The premise is wrong. A firmware update doesn't just fix one ACPI quirk: it ships microcode updates, fan curve corrections, thermal calibration, security patches. It's basic maintenance, not an unreasonable ask. I've literally salvaged working computers that were headed for recycling, fixed by a single BIOS update. Framework users specifically chose the brand because they can maintain and upgrade their hardware, it's the entire value proposition, the Ship of Theseuros of laptops. Asking them to run a firmware update is not a burden, its the product working as designed.

@git_danielschaefer.me You already confirmed the spec requires Notify 0x02 for wake. To your point that you don't expect Framework to be the only firmware with this behavior, I tested this patch on Apple, MSI, Gigabyte, Intel, Lenovo, Sony, Panasonic, Toshiba, AZW, Minisforum, Qotom and Beelink machines across multiple generations. I also tested on machines running coreboot (System76, and a bunch i corebooted). None of them replay the wake as 0x80. Those vendors ship AMI, Phoenix in stock which all get the button status bits right. Framework ships Insyde with your own fork of chrome-ec. This may be a Framework-only problem.

I don't have Framework hardware yet, but I would prefer to see this fixed on their side rather than patching FreeBSD. It costs the end user a BIOS update on one machine vs. FreeBSD maintaining this spec violation forever. If Framework fixes the EC, future maintainers will have zero way to reproduce what this code guards against, it becomes permanent dead code with no test path.
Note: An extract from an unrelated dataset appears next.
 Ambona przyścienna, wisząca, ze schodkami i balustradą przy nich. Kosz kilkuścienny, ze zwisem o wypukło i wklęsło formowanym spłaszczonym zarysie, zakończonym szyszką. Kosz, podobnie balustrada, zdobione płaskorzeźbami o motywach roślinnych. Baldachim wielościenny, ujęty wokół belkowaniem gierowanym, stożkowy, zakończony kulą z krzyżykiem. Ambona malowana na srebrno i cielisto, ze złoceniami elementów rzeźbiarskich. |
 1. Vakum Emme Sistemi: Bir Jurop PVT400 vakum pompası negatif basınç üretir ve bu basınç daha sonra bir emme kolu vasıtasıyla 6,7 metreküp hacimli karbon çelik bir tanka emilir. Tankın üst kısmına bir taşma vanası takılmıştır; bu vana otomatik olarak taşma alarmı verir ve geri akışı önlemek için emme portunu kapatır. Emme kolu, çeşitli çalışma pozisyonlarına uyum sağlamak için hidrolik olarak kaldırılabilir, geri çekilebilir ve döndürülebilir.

Fixing it here also means every BSD flavor needs to carry the same quirk (NetBSD, OpenBSD, DragonFly), let alone OSes like 9front that have a minuscule maintenance team. One firmware fix eliminates the problem for all of them.

I spent a few months bringing Apple hardware support to FreeBSD, so I have seen this pattern play out. I get an old machine, fix a bug, message @adrian that i found a bug and i will open a fix, then I boot to macOS, which auto-updates the firmware. The bug fix becomes 100% hallucination, because it depended on behavior that was already fixed 7 years ago by Apple. I can't reproduce it anymore.

The difference is that Apple is hostile to other OSes, before D54762 landed, some hardware would not even enumerate unless the OS claim to be Darwin..

Framework engineering could be ship the fix in days/weeks. FreeBSD 16 is months away from release.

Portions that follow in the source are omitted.